Polly stared at Lorin Jones’s husband. Suppose it was true — who had a better right to say so? And after all, hadn’t Polly suspected this all along? Hadn’t she noted the overlapping of their lives, marveled that both were only children, and Jewish; that they shared a county, a city, a profession? And even, almost, a name; Polly remembered her shiver of recognition when she heard that in childhood Lorin was known as Lolly.

Here, in Lorin’s old haunts, they had drawn even closer together. All day she had walked in Lorin’s footsteps; and sometimes, surely, Lorin’s ghost had walked beside her.

“This was her home; this was the place she loved,” Polly announced, sure of it now.

“That’s right.” Garrett sighed. “That’s why, when I realized she was determined to spend most of the year here, I began doing everything I could to find a teaching job nearby, so I could be with her more of the time.”

“But you didn’t find one.”

“No; I found one, eventually. Only it was too late. I came dashing up here to tell her about it, she was gone. Hadn’t even left me a note.”

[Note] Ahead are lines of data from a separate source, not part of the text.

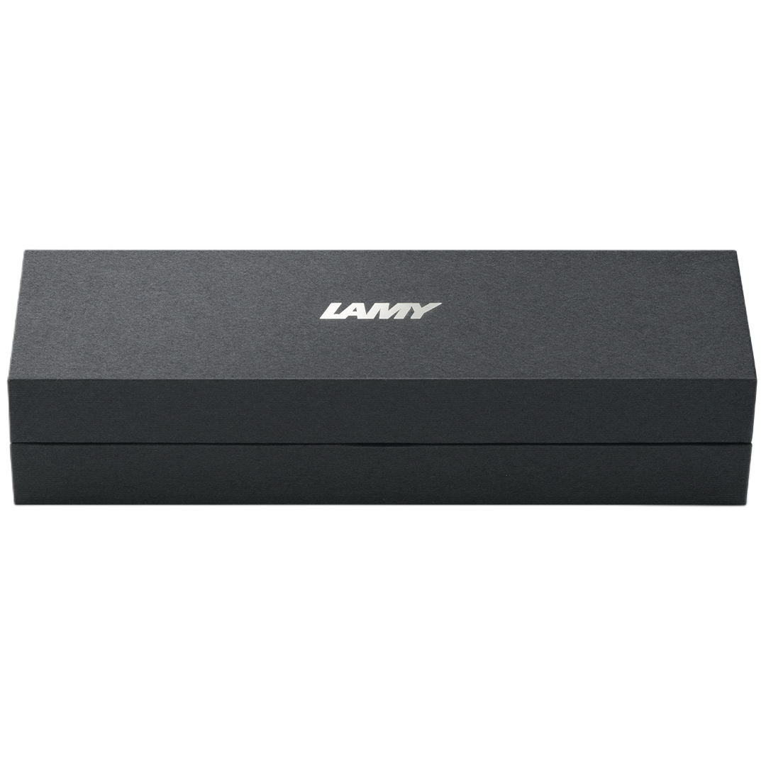 14 karat gullspiss, delvis platinabelagt. Svart høyglanset pennkropp. Utskiftbart grep og skruhette. Solid, fjærbelastet klips. Leveres med Lamy T 10 blekkpatron i blått. Kan også brukes med Lamy Converter Z 27 for bruk med blekk på flaske.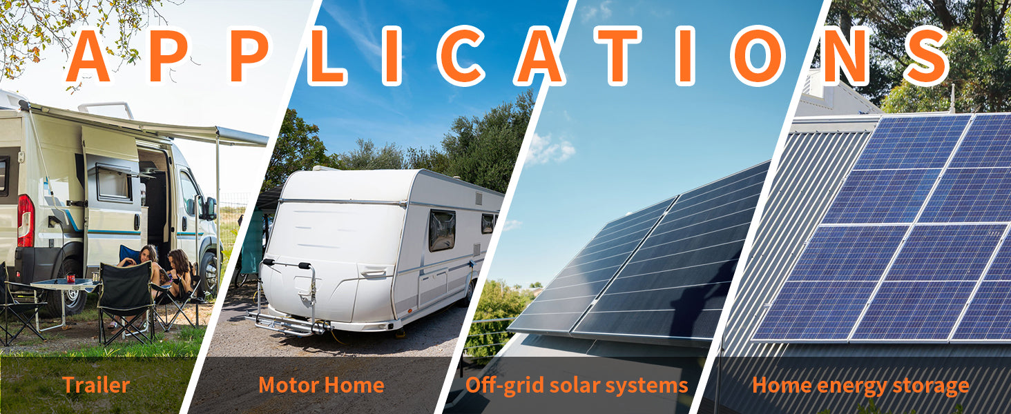 • Suitable for solar homes, RVs, campers, Caravan, trolling motors, Overland, boats, off-grid applications, home energy storage, UPS backup power systems, etc.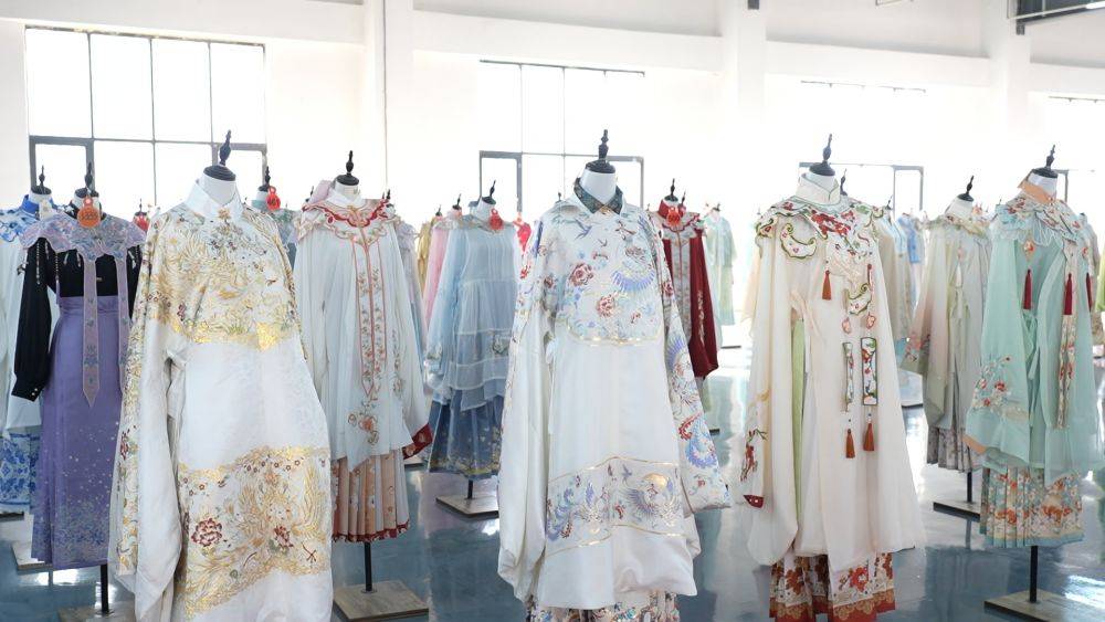 在当地原创汉服品牌洛如嫣的展厅里,设计师向记者展示了一款名为“百鸟朝凤”的明制汉服。它在制作过程中采用了对花工艺等技术,保证了图案的美观和完整性,提升了服饰的精致度与艺术价值。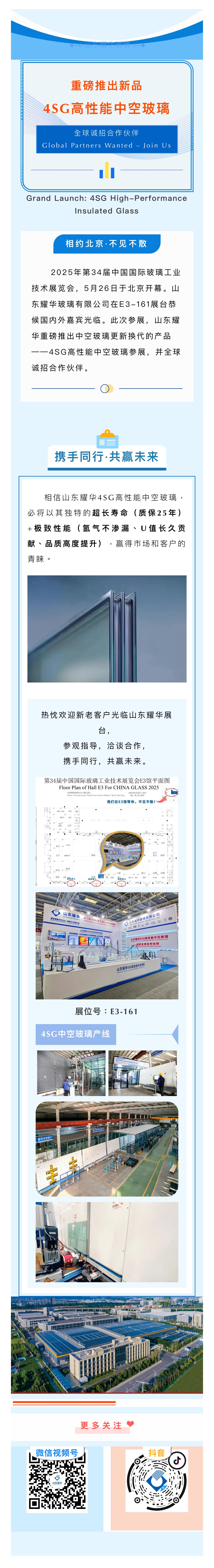 第34屆中國(guó)玻璃展丨山東耀華重磅推出新品—4SG高性能中空玻璃, 并全球誠(chéng)招合作伙伴
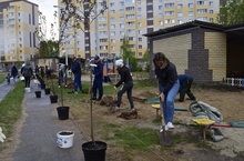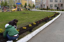 Продолжается благоустройство детского сада. В качестве живой изгороди были высажены 150 кустов японской спиреи.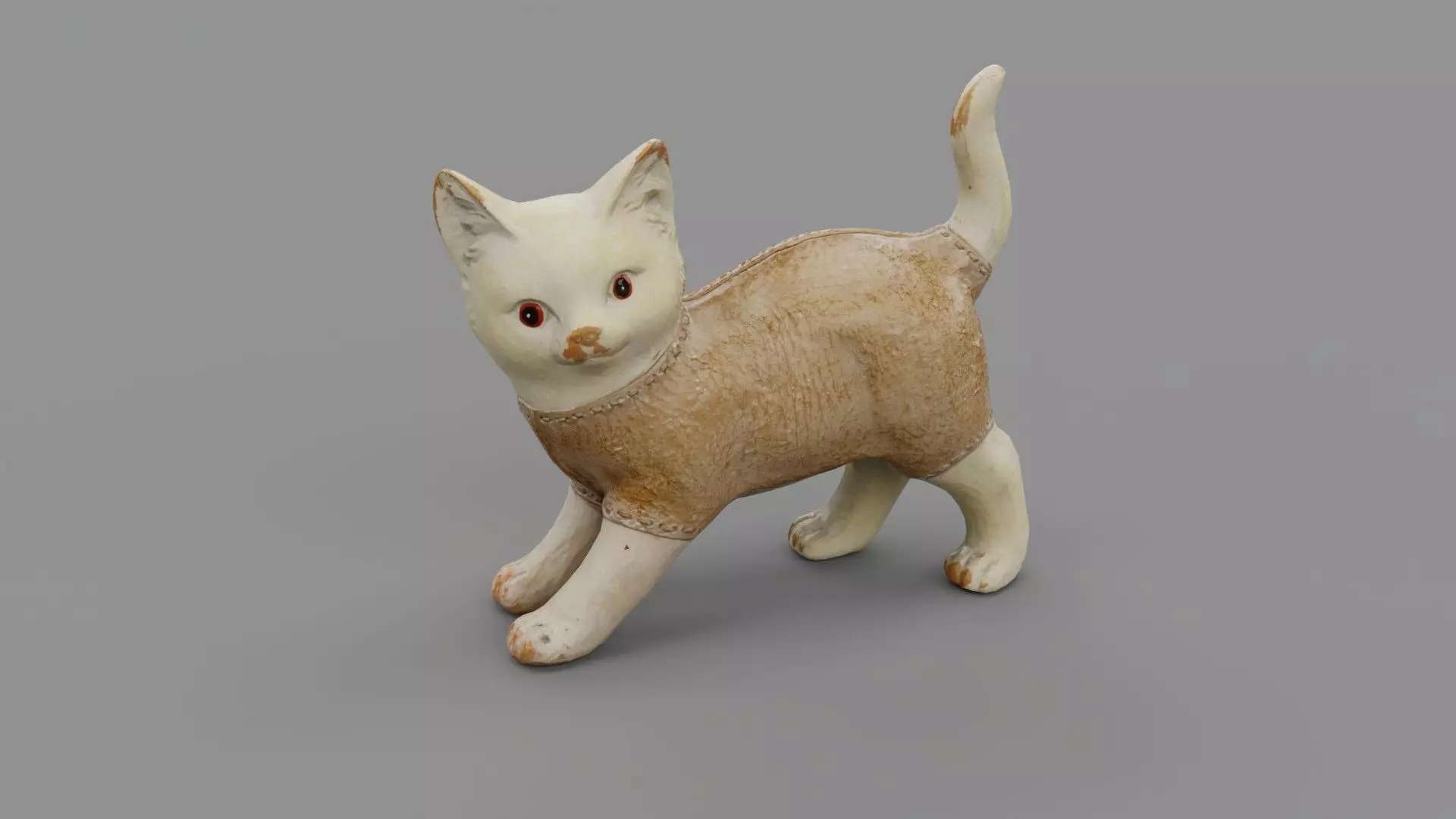 This is a photorealistic low-poly 3D model of the handmade cat wood statuette.

“That’s hard,” Polly exclaimed.

“It about killed me, at the time. If you want to know.” Garrett nodded slowly twice. “You see, I’d had no idea. ... Laura’d never complained, never said anything. Only, more and more, she started avoiding me. And she wouldn’t talk to me about her work any longer. I guess I should have known; but she was always such a solitary person, and it came on so gradually. That last year or so —” He stared into the middle distance. “I knew she’d hit some kind of a serious block, but she wouldn’t let me help her, or make any suggestions about her painting. Finally, she wouldn’t even show me what she was working on. After dinner she’d go up to her studio and shut herself in. If I knocked on the door she wouldn’t answer. Sometimes she’d stay in there for hours, till it was past midnight or later, and I gave up waiting for her and went to bed.”